La femme, c’est Jeanne Moreau. Elle traîne son beau visage mélancolique dans les rues de la capitale, à la recherche de son amour (qu’elle croit) perdu. Elle déambule, noctambule forcée jusqu’au petit matin, ou plutôt jusqu’au bout de la nuit. Son voyage se terminant dans les bras de celui qu’elle a aimée, sur des photos dans un bac de révélateur, qui n’a jamais aussi bien porté son nom.

Lui, l’homme seul, c’est Maurice Ronet. C’est lui qu’elle croit avoir perdu, puis retrouvé, pour finalement le perdre définitivement.

 

Parce que ce film raconte une rupture. Celle de deux amants qui ne se reverront plus.

Cette rupture est fortuite : il est bloqué entre deux étages. Ou entre deux étapes de sa vie. Celle d’avant, dissimulée auprès de celle qu’il aime. Et celle d’après, qui s’ouvre à eux, pleine de promesses. Mais l’ascenseur, qui symbolise la transition entre ces deux vies, est bloqué. Il peut tout de même entrouvrir la porte du dessous, celle de la résolution et de la liberté. Mais il ne peut pas passer. Quant à la porte du dessus, celle d’avant, il n’y a plus accès. Elle est définitivement fermée.

Entre ces deux vies, un mort. Un cadavre. Celui de son mari à elle : Jean Wall. Il n’y a plus de retour possible comme l’indique cet ascenseur coincé entre deux instants : le présent ne bouge plus, immobilisé entre un avenir prometteur mais inaccessible et un passé trop consommé pour revenir.

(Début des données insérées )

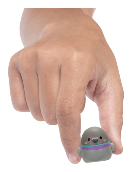 Get ready for a new level of squish with Squish-a-longs, the latest addition to the Squishmallows family! An adorable and portable collectible, Squish-a-longs Mini-Squish, made of squeezable plastic, is perfect with its 1-inch size! The fun is endless, with over 140+ Mini-Squish to collect, trade, play, wear, and display! Show off your fandom by wearing the ring and dressing your Mini-Squish with fun accessories like a headband and sunglasses. There are three chase items to find: Emily the Black Bat, Oha the Dark Purple Sea Bunny, and an all-new rare star stand! You can collect them all with the helpful collector's guide - start your Squish-a-longs collection today!
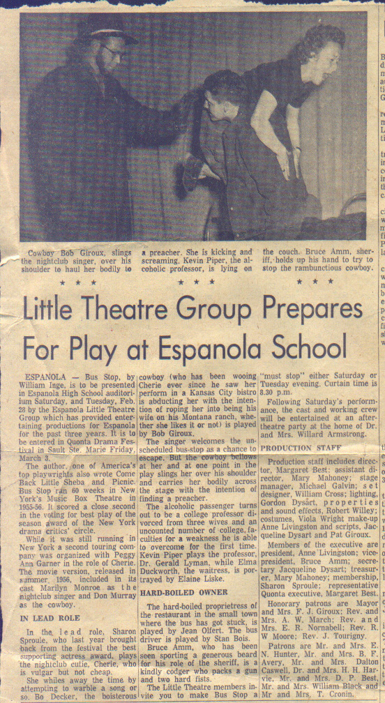 The Espanola Little Theatre, Box 5082 Espanola, Ontario P5E 1S1 (705) 869-8698

Et quand la cabine se libère enfin, c’est pour une troisième voie, qui mène directement à la mort : la sienne (d’où le titre).

 

Et les amoureux ? (Georges Poujouly et Yori Bertin) Ce sont les jouets du destin. C’est l’occasion qui fait qu’il  vole la voiture de l’homme. Elle n’est pas d’accord, mais elle est jeune et elle l’aime, alors elle le suit. Elle le suit vers une autre fausse liberté qui se terminera comme pour l’homme de l’ascenseur, voire pire. Mais en volant la voiture, c’est l’homme de l’ascenseur qu’ils condamnent inéluctablement. Sa seule vraie porte de sortie, la voiture, sera le véritable instrument du destin : c’est elle qui les perd tous, à  chaque fois au mauvais endroit, au mauvais moment.

 

Louis Malle réussit un magnifique film sobre, avec un beau noir et blanc terrible. L’atmosphère, comme les âmes des personnages, est noire, soutenue par la musique (et la trompette) de Miles Davis, sobre, épurée, et mélancolique comme la femme sous la pluie.

 

Superbe.

 

PS : des seconds rôles qui s’épanouiront dans la décennie suivante, citons Jean-Claude Brialy, Charles Denner, et l’incontournable Lino Ventura, en flic, au jeu - là encore - sobre.